Welded head studs are mainly used as shear connectors to bond steel girders and concrete slabs in steel-concrete composite bridges. For welded shear connectors, environmental problems include noise and scattering dust which are generated during the removal of damaged or aged slabs. Therefore, it is necessary to develop demountable shear connectors that can easily replace aged concrete slabs for efficient maintenance and thus for better management of environmental problems and life cycle costs. The buried nut method is commonly studied in relation to bolted shear connectors, but this method is not used in civil structures such as bridges due to low rigidity, low shear resistance, and increased initial slip. In this study, in order to mitigate these problems, a demountable bolted shear connector is proposed in which the buried nut is integrated into the stud column and has a tapered shape at the bottom of an enlarged column shank.

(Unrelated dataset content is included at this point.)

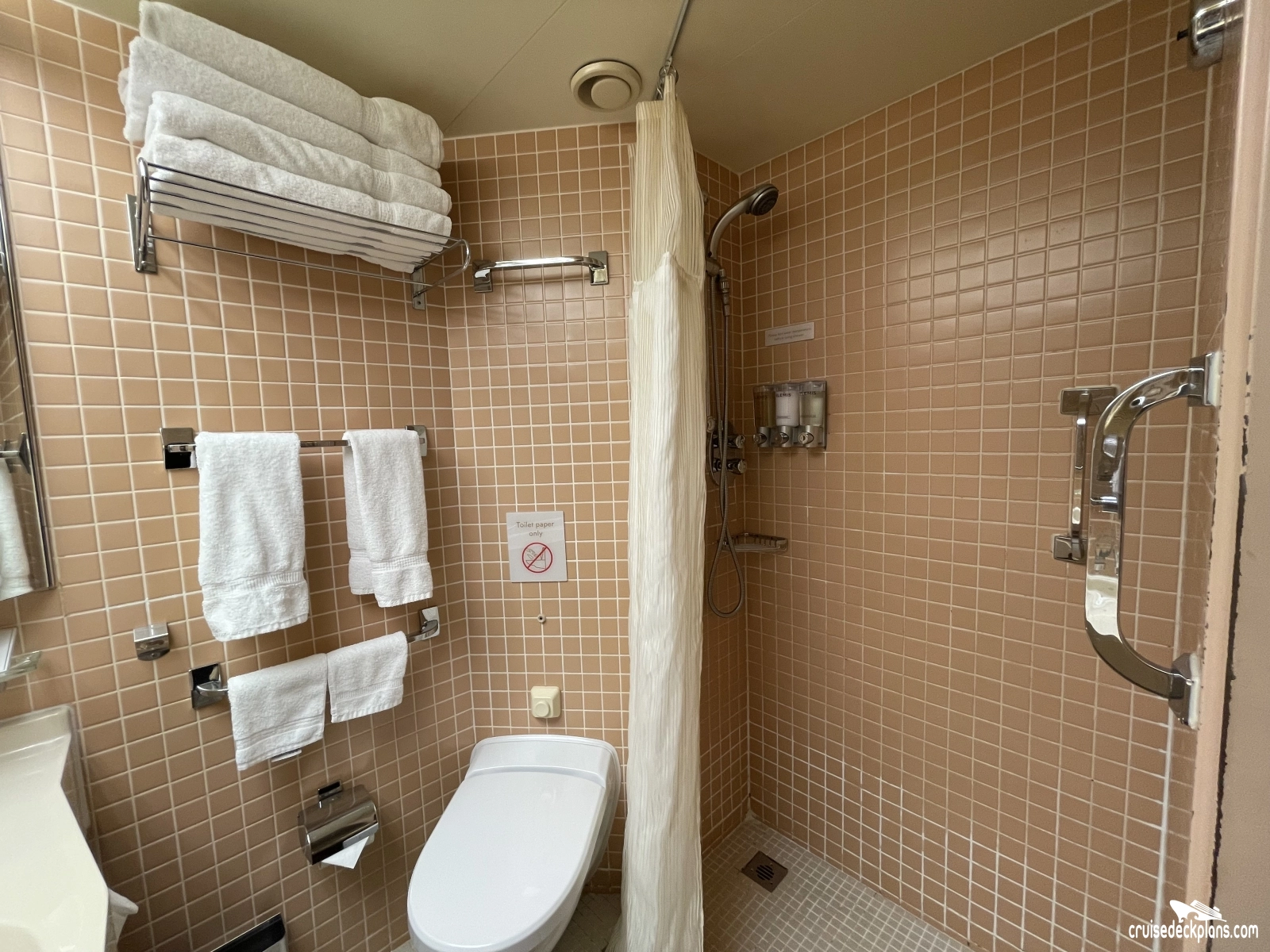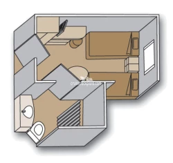 Category G has two portholes. Category HH is fully obstructed. Category H is partially obstructed. Cabins on deck 3 have windows looking out onto promenade deck and people walking by can view into the cabin when lights are on in cabin. In 2018 tubs were removed from the following cabins: Lower Promenade Deck: D3331 - D3370, Main Deck: C2564 - C2647Stateroom Cabin Perks

To verify the performance of the proposed demountable stud bolts in terms of static shear strength and slip displacement, a horizontal shear test was conducted, with the performance outcomes compared to those of conventional welded studs. It was confirmed that the proposed demountable bolted shear connector is capable of excellent shear performance and that it satisfies the slip displacement and ductility design criteria, meaning that it is feasible as a replacement for existing welding studs.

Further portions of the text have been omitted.